### [What to do]
The listing below begins with the first line you should copy; stop after the line containing "Как выглядит турнирная", and drop every picture.

### [Data for review]
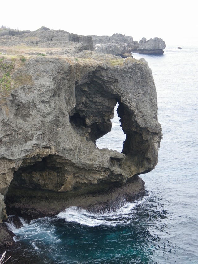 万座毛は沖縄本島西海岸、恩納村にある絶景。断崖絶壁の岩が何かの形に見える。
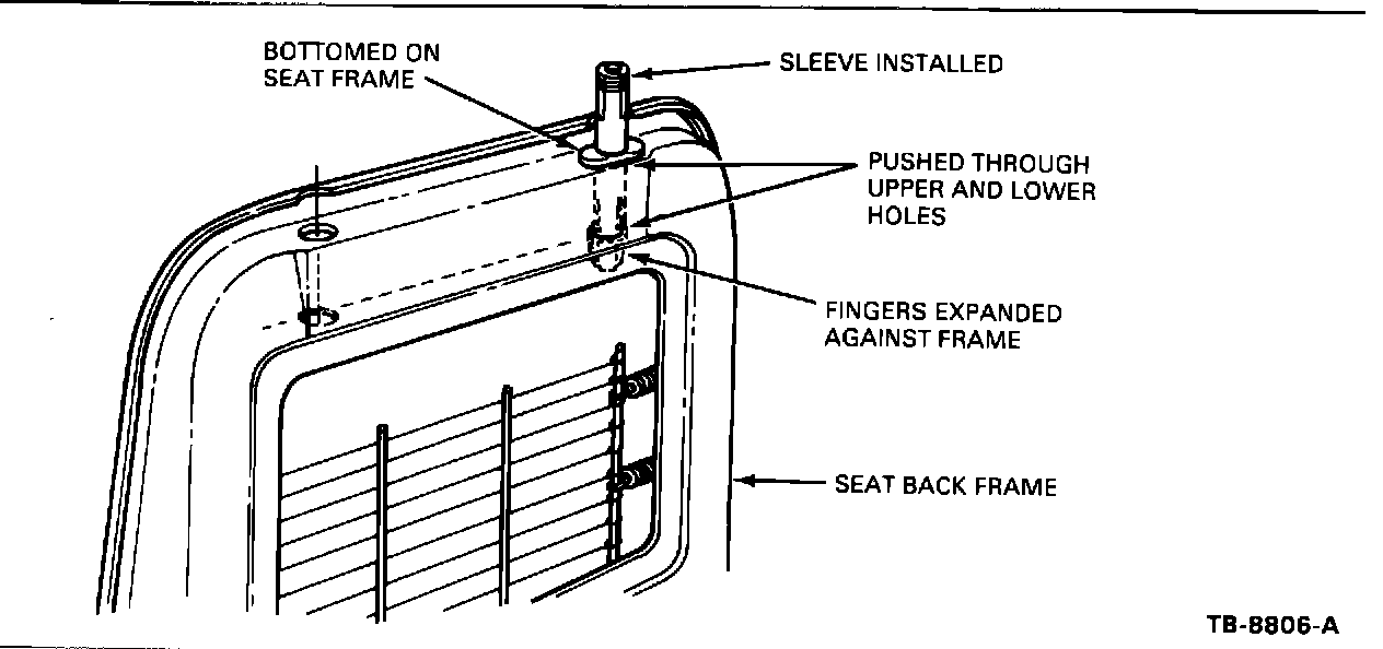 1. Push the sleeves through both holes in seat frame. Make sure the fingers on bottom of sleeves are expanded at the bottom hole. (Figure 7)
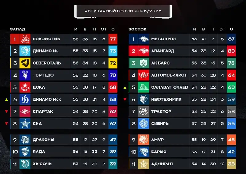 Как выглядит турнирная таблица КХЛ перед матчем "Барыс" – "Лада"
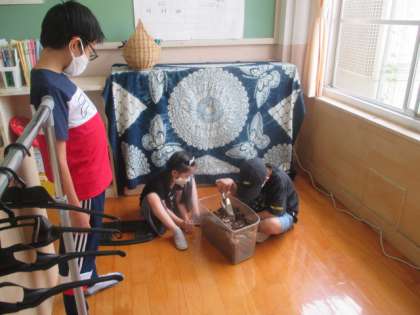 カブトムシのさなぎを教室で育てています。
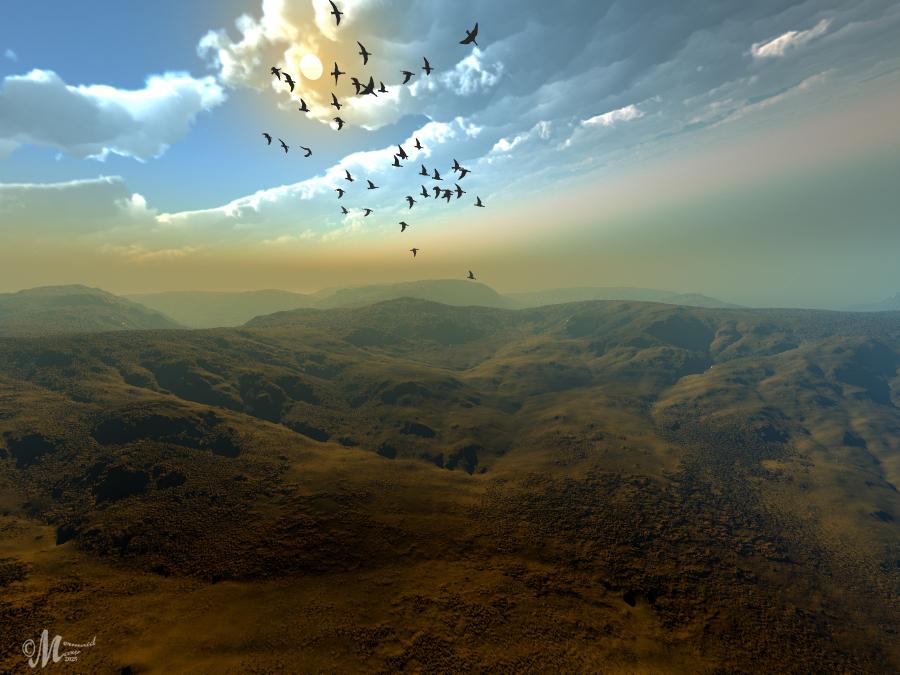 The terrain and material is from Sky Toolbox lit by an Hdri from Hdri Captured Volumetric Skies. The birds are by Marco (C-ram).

### [Answer to this problem]
 万座毛は沖縄本島西海岸、恩納村にある絶景。断崖絶壁の岩が何かの形に見える。
 1. Push the sleeves through both holes in seat frame. Make sure the fingers on bottom of sleeves are expanded at the bottom hole. (Figure 7)
 Как выглядит турнирная таблица КХЛ перед матчем "Барыс" – "Лада"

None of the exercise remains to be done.